# Wiener-Hopf factorization problem

Discussion in 'Math Research' started by Alan, Apr 18, 2004.

1. ### AlanGuest

I would appreciate any suggestions on the following problem.
As part of a WH factorization problem, I have a
function G(z), with z a complex number, and q > 0 a real number,
of the form

G(z) = q + z^2 - (F(z) - 1).

For my problem, F(z) is the fourier transform (f.t.) of a
probability density on (-infinity, infinity). Specifically, I have

F(z) = \int e^(I z x) [ c e^(eta x) 1(x < 0) + f(x) 1(x >0) ] dx,

where c and eta are positive constants, independent of x or z.
The integral is over the entire real x-axis.

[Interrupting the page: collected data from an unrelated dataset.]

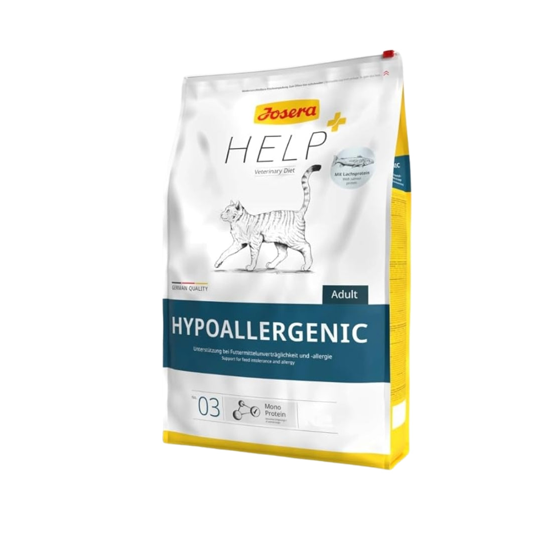 Is your cat itching a lot or showing bald spots? These could be signs of food allergies or intolerances but you don’t have to just accept them. Josera Help Hypoallergenic is a gentle, specially made diet that uses salmon as the only animal protein, making it ideal for sensitive cats.
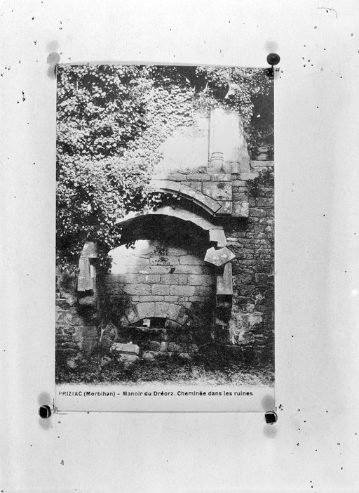 Carte postale ancienne - Priziac (Morbihan) - Manoir du Dréorz. Cheminée dans les ruines (Archives départementales du Morbihan, 187-7)Immatriculation
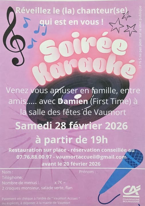 Soirée karaoké Salle des fêtes 20 Route de Paris Genève 89320 VAUMORT Voir mon itinéraire
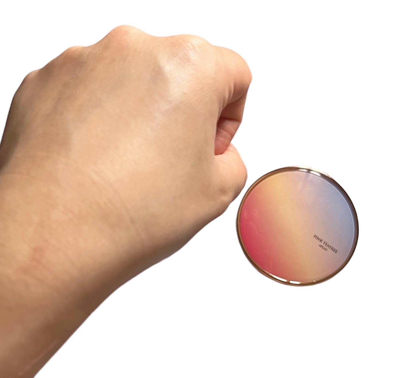 APLIN ピンクティーツリーカバークッション 21号ライトベージュ 2,490円(税込) 少量でよく伸びてハイカバー! 赤みやくすみをしっかりカバ一できるのに、厚塗り感のないなめらかな仕上がり♡ ハイカバーなのにナチュラルなツヤ感とサラッとしつつ、乾燥崩れしにくい仕上がりに感動します!!
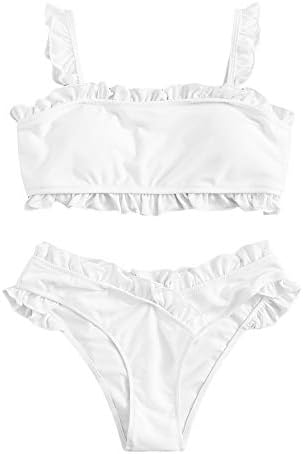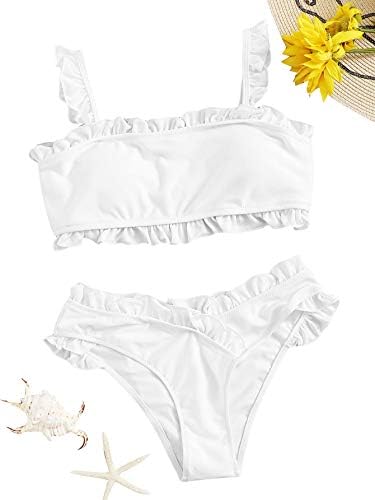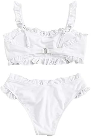Features: Frill trim, spaghetti strap, wireless, ruffle wrap bikini bottoms.
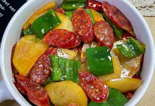 做法:土豆、腊肠切片、青椒切小块,锅中水开,放入土豆煮2分钟捞出备用
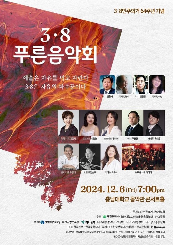 대전시는 3·8민주의거 64주년을 맞아 6일 충남대학교 음악관 콘서트홀에서 '3·8푸른음악회'를 개최한다. 이번 음악회는 3·8민주의거의 정신과 가치를 음악을 통해 알리고, 시민들이 그 의미를 기념할 수 있도록 마련된 특별한 무대이다. 이종희 충남대학교 예술대학 음악학과 명예교수가 작곡과 지휘를 맡고, 실력 있는 성악가들과 클라리넷, 트럼펫 연주, 느루 콘서트 콰이어의 합창이 어우러져 감동적인 공연을 선사할 예정이다. 정진용 3·8민주의거기념관장은 이번 음악회가 3·8민주의거의 자유, 민주, 정의의 가치를 되새기고, 이를 많은 이들이 알게 되는 기회가 되기를 바란다고 밝혔다. /이성재 기자
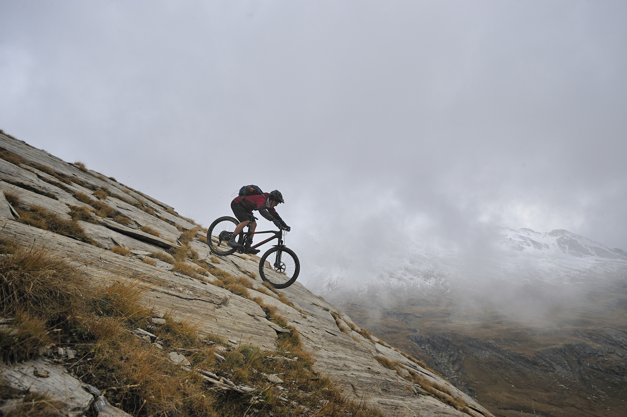 Plus on roule dans ce bout d’Italie, plus on s’imprègne de sa substance. La roche, de couleur ocre, semble peinte comme si elle avait cuit, ressemblant à ces roches volcaniques d’Islande. Dans la descente, le sentier devient un vrai singletrack pour les chamois. Le VTT enduro donne ici sa pleine mesure, en milieu naturel.

In other words, F(z) is the f.t. of the sum of two probability densities.
One is an exponential density with support on (x < 0). The
other is a completely arbitrary (real, integrable) density f(x) with support
on (x > 0).
Assume the entire density is normalized to one in the usual way: F(0) = 1,
which means that G(0) = q > 0.

My question (below) concerns the zeros of G(z)
in the upper half z-plane Im z > 0.

It's easy to show that G(z) is analytic in Im z > 0, except for a
simple pole at z = i eta. It's also easy to show that G(z) has
two purely imaginary zeros i a (q) and i b(q),
such that 0 < a < eta < b. [To see it, draw a graph of G(i y), y real,
and remember that eta > 0.]

I can also prove that G(z) has no other zeros in the strip 0 < Im z < a(q).

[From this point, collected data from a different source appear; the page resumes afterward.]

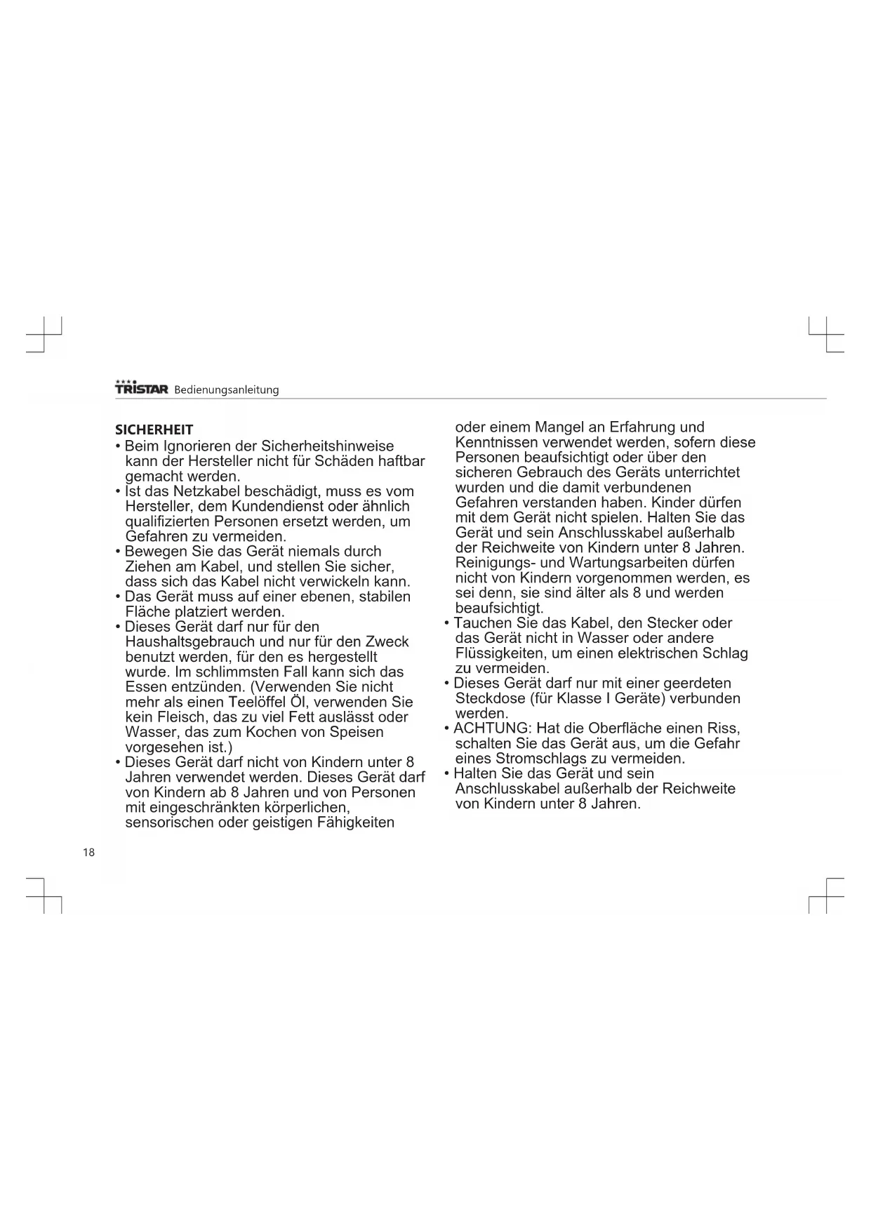 - Reinigen Sie das Gerät mit einem feuchten Tuch. Verwenden Sie niemals scharfe oder scheuernde Reiniger, Topfreiniger oder Stahlwolle. Dies würde das Gerät beschädigen. UMWELT Dieses Gerät darf am Ende seiner Lebenszeit nicht im Hausmüll entsorgt werden, sondern muss an einer Sammelstelle für das Recyceln von elektrischen und elektronischen Haushaltsgeräten abgegeben werden. Das Symbol auf dem Gerät, in der Bedienungsanleitung und auf der Verpackung macht Sie auf dieses wichtige Thema aufmerksam. Die in diesem Gerät verwendeten Materialien können recycelt werden. Durch das Recyceln gebrauchter Haushaltsgeräte leisten Sie einen wichtigen Beitrag zum Umweltschutz. Fragen Sie Ihre örtliche Behörde nach Informationen über eine Sammelstelle. Support Sämtliche verfügbaren Informationen und Ersatzteile finden Sie unter www.tristar.eu!Manual de instrucciones
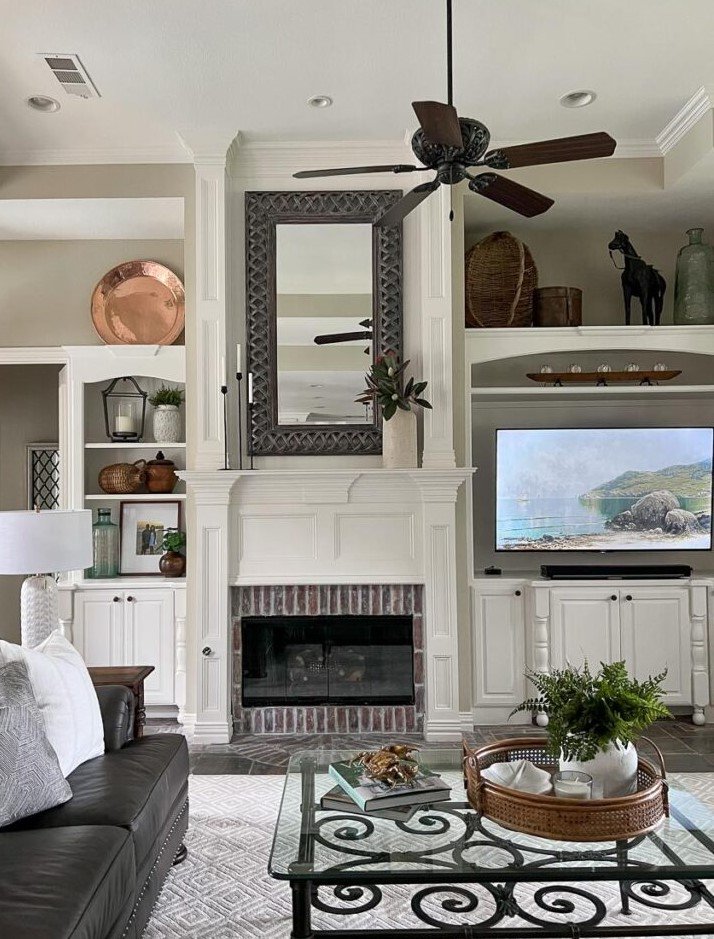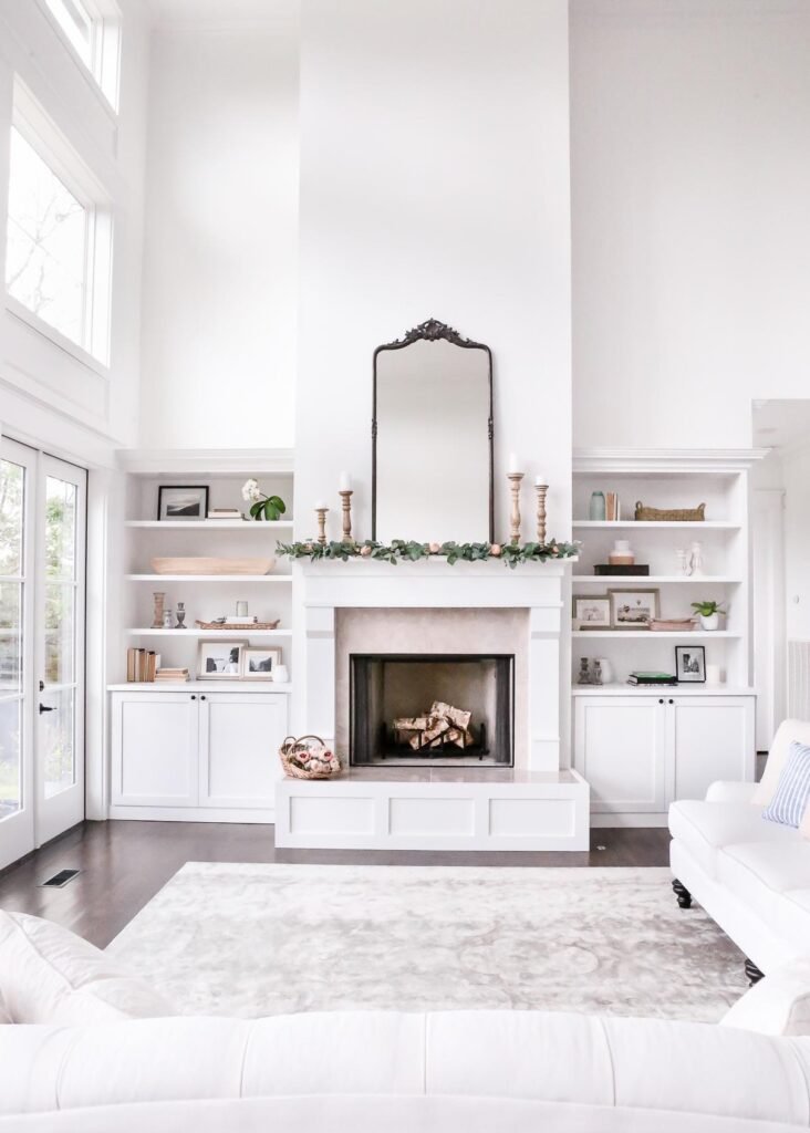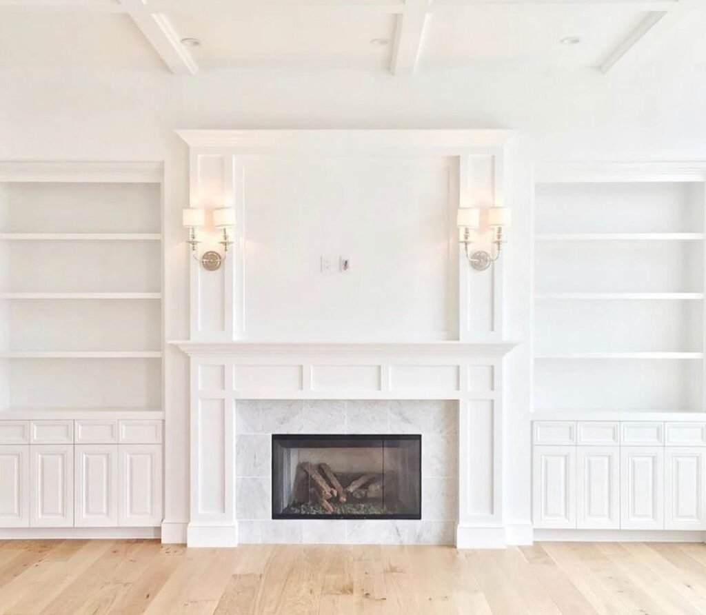 Bring balance and charm to your home with fireplace moldings and built-ins on each side. The detailed trim adds depth, while built-ins create space for books, art, and décor. This design adds structure and grace, making your fireplace the centerpiece of the room.
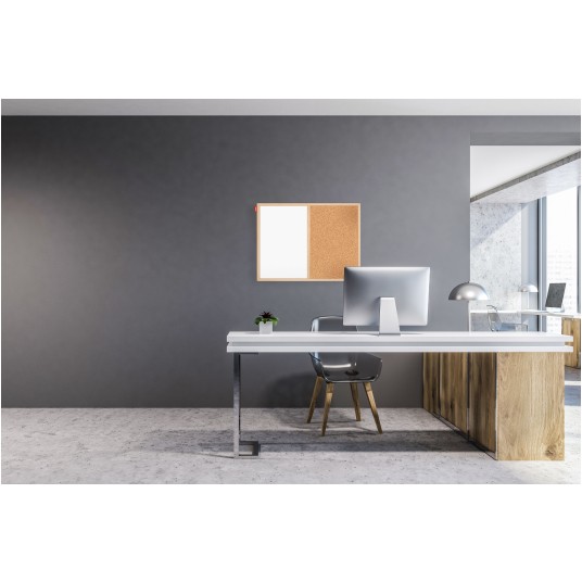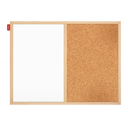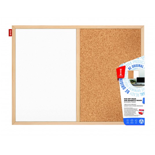 Tablica duo Memobe korkowa + suchościeralno-magnetyczna biała, rama drewniana, 60x40 cm

What I cannot prove directly yet, but strongly believe to be true, is that
G(z) has *no other zeros* in Im z > 0 [In particular for Im z >= a(q)].

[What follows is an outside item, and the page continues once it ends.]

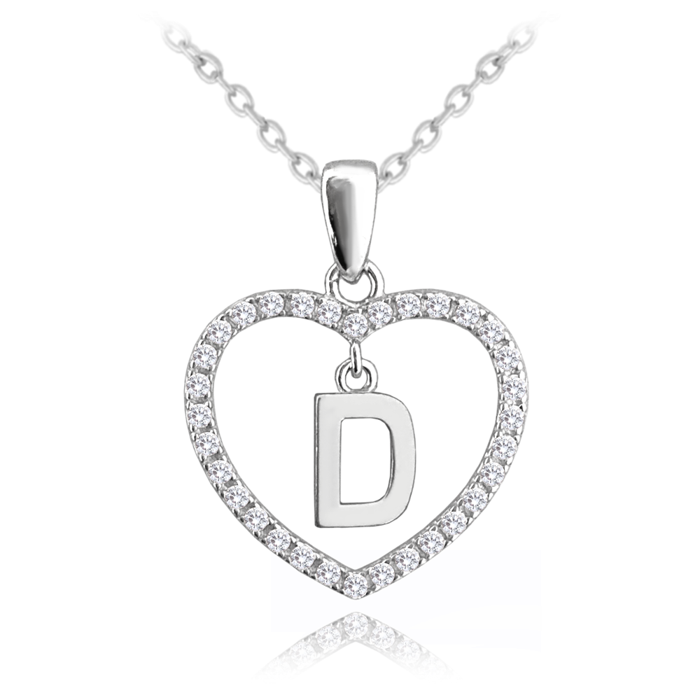 MINET Srebrny naszyjnik litera w sercu „D” z cyrkoniami
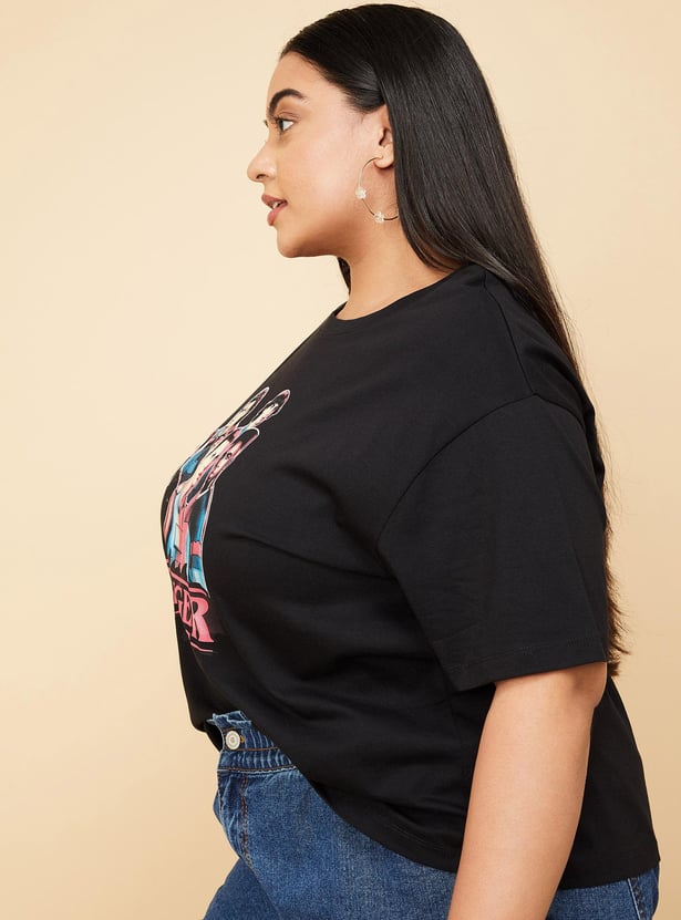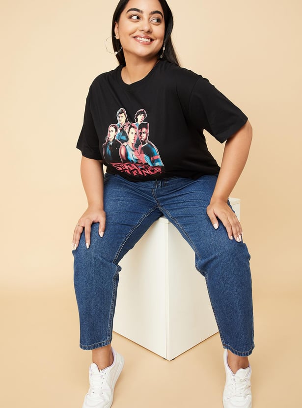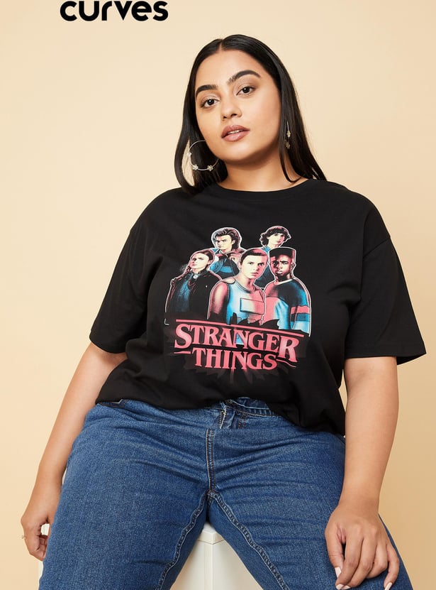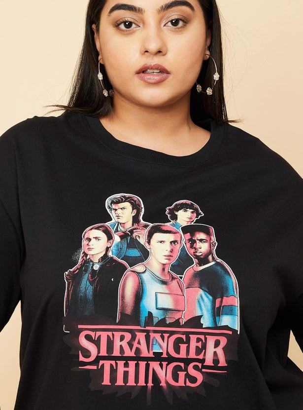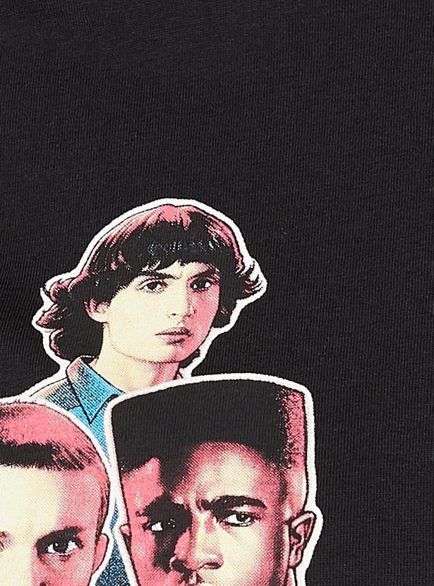 Upgrade your casual ensemble with this T-shirt adorned with a Stranger Things print, complete with a round neckline and half sleeves.

[If f(x) = 0, the assertion is trivial because then G(z) is a
ratio of polynomials.The numerator polynomial is a cubic,
with 3 roots in known locations, two on the upper
imaginary axis an one on the lower imaginary axis.]

Any suggestions on establishing this last part, for non-trivial f(x),
would be most welcome. If you can see an f(x) which provides a
counter-example to the assertion, that would be very interesting,
too, and most surprising.

regards,
alan

Alan, Apr 18, 2004